In our previous paper [19], we focused the discussion on the active tracking technique, phantom tests and human trial results. In this paper, we describe the engineering aspects, including stylet fabrication, FEM study, stylet deflection evaluation, MR compatibility and MR safety. Those issues are the practical aspects of the development of an MR-tracked metallic stylet, and they are particularly important for the safe implementation of this device in a clinical environment. These results will serve as a benchmark and reference for the future development of the MR active tracking stylet.

This paper mainly presents the design, fabrication and evaluation of an active metallic stylet for gynecologic brachytherapy. It can actively track a needle with up to 0.6×0.6×0.6 mm3 resolution at high update rate of 40Hz. Our FEA and phantom studies have shown the technical feasibility that allows for safe and precise stylet insertion under various conditions. The proposed stylet can withstand large insertion forces of 10 N, such that the maximum stress is simulated at 17.6 MPa on the stylet groove, which is still far less than the yield strength (750 MPa) of tungsten material. Only approximately 0.4 degree of deflection was measured as the stylet was inserted into the gel phantom at an insertion speed of 2.5 mm/s.

It is worth noting that the active coils have no adverse effect on the quality of MR images. The active coils are connected to independent receiving channels and can be turned on/off during scanning. When the coils are turned on, they produce a bright spot at the coil location in the MR image (Fig. 9b). When the coils are turned off, they do not affect image quality due to their compact size. Unlike the previously described wireless RF coil [23, 24], which inductively couples the micro RF coil with the MR receiver coil and affects the image quality when the coil is in the FOV, the presented active coils could provide high resolution tracking without affecting the image quality.

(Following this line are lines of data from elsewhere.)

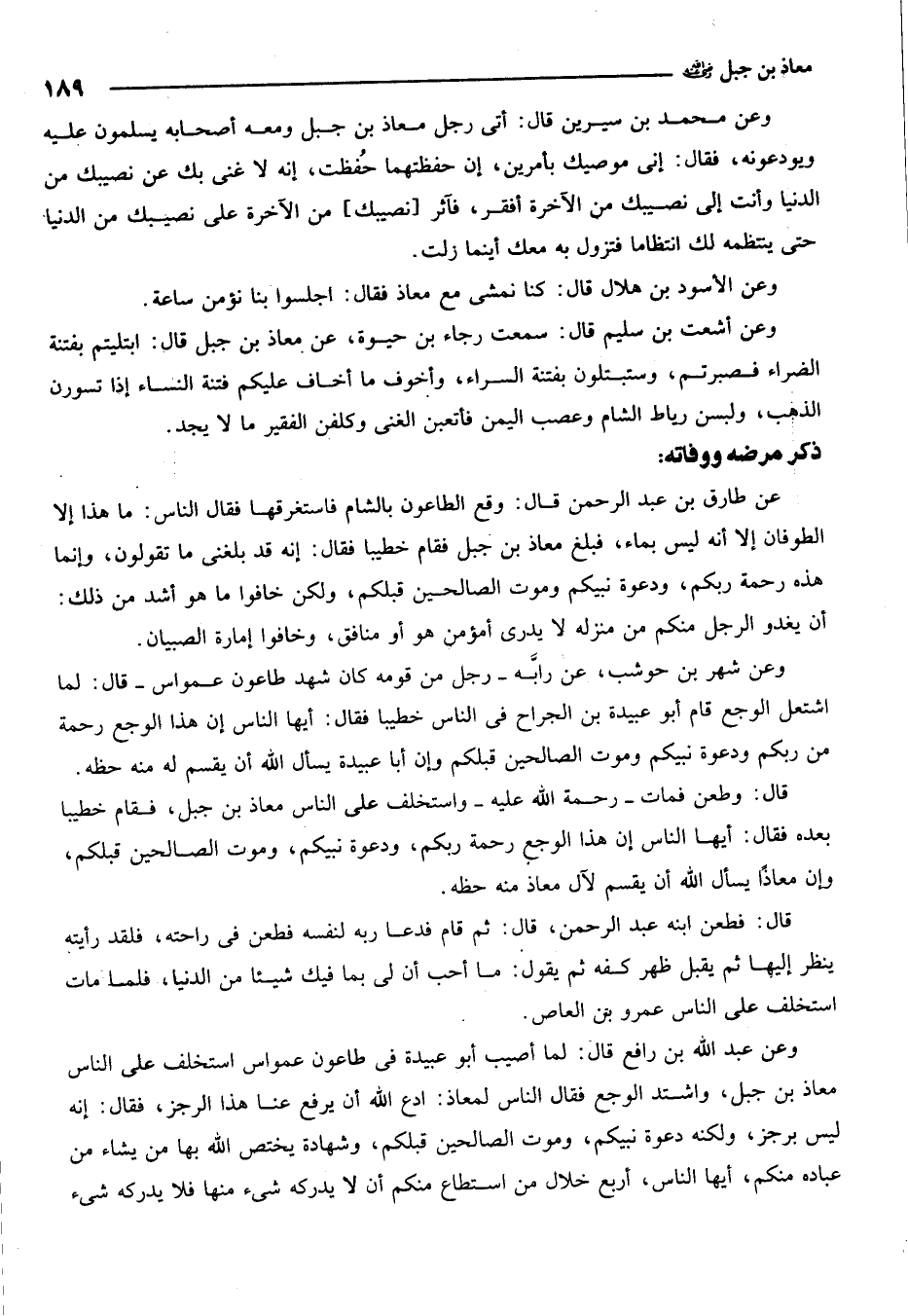 عن طارق بن عبد الرحمن قال: وقع الطاعون بالشام فاستغرقها فقال الناس: ما هذا إلا الطوفان إلا أنه ليس بماء فبلغ معاذ بن جبل فقام خطيباً فقال: إنه قد بلغني ما تقولون، وإنما هذه رحمة ربكم ودعوة نبيكم وكموت الصالحين قبلكم، ولكن خافوا ما هو أشد من ذلك، أن يغدو الرجل منكم من منزله لا يدري أمؤمنٌ هو أو منافق وخافوا إمارة الصبيان.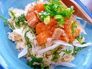 ごま油で美味しい サーモンの漬け丼 レシピ 作り方 By Megmako 楽天レシピ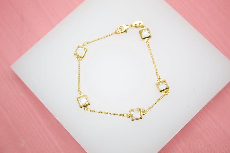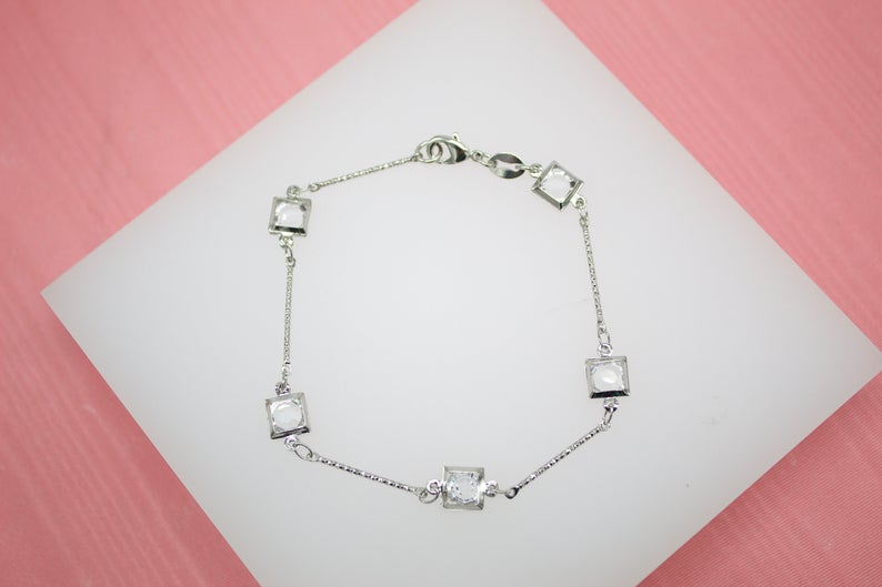 Square CZ Cubic Zirconia Stone Bracelet (I166)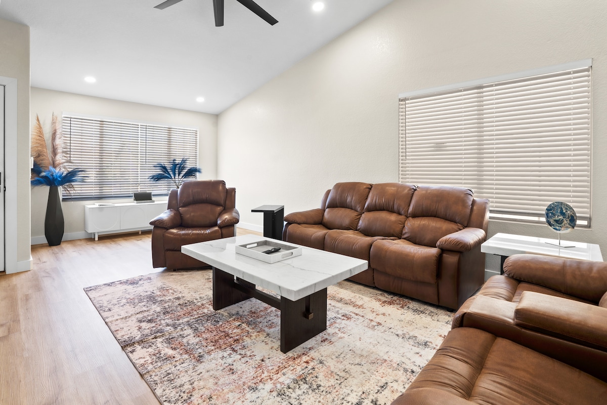 Bem-vindo à Casa Artesanal no deserto. Há uma grande área externa com piscina aquecida, churrasqueira e mesa de fogo de propano. O aquecimento da piscina está incluído no custo da sua estadia de outubro a maio. Você vai gostar de se divertir na cozinha do chef totalmente equipada com eletrodomésticos atualizados e uma fritadeira a ar no forno. As camas confortáveis são de espuma de memória e os banheiros são ambos atualizados. Pule o trânsito do dia do jogo/show e opte por uma caminhada fácil. Estamos localizados a 0,8 milhas do State Farm Stadium.
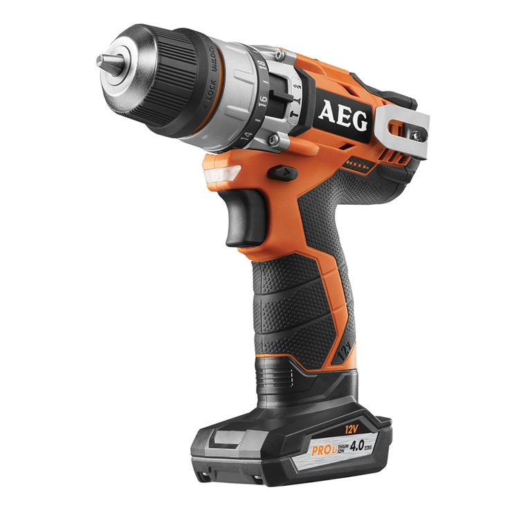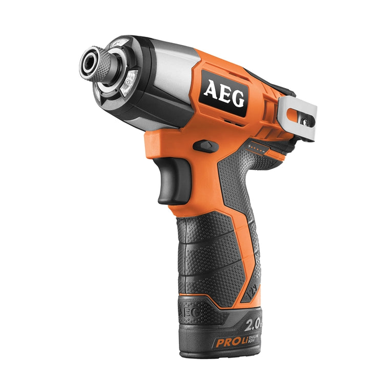 The AEG 12V brushed 2pc combo kit comes with the AEG 12V hammer drill and the single-speed impact driver. It also includes 2 battery packs and a charger.

Although the respiratory motion and tissue deformation effects have yet been considered in current study, our previous results [25] show that the such physiological motion could be corrected by using at tetrahedron with 4 tracking coils. In brachytherapy or biopsy, soft-tissue deformation is common, which is varied by different conditions, i.e. tissue characteristics, stylet insertion force and patient motion. MR active tracking stylet allows the real-time monitoring of the stylet tip position. This provides an approach to keep tracking the proximity [26] of the surgical instrument relative to target anatomy so as to minimize the positional error of needle insertion caused by tissue deformation. The effect of tissue deformation will be further studied in our future work. In addition, we will also focus on the integration of the active tracking and real-time MRI in the future, closing the control loop of various surgical manipulations, even those assisted by MR-conditional robots or actuators [27, 28].

Acknowledgments

This material is based upon work supported by the American Heart Association 10SDG261039, NIH R21 167800, University of Georgia (UGA)-Georgia Regent University Seed Grant, American Society for Quality Dr. Richard J. Schlesinger Grant, The Croucher Foundation, and Research Grants Council, Hong Kong. We gratefully acknowledge Lewis Fortner in Instrument Design & Fabrication Shop at UGA, and Terrance Walsh in the Machine Shop at the UGA College of Engineering for their advices in tungsten fabrication. Wei Wang would like to thank for BWH Department of Radiation Oncology post-doctoral fellowship support.

Contributor Information

Yue Chen, College of Engineering, The University of Georgia, Athens, GA, 30605 USA, and is also with Department of Mechanical Engineering, The University of Hong Kong, HK, China (ychen@uga.edu, ychen14@hku.hk).

Wei Wang, Department of Radiology, Brigham & Women’s Hospital, Boston, MA, 02115 USA, and is also with the Department of Radiation Oncology, Brigham & Women’s Hospital, Boston, MA, 02115 USA (WWANG21@PARTNERS.ORG).

Ehud J. Schmidt, Department of Radiology, Brigham & Women’s Hospital, Boston, MA, 02115 USA (ESCHMIDT3@PARTNERS.ORG)

Ka-Wai Kwok, Department of Mechanical Engineering, The University of Hong Kong, HK, China (kwokkw@hku.hk).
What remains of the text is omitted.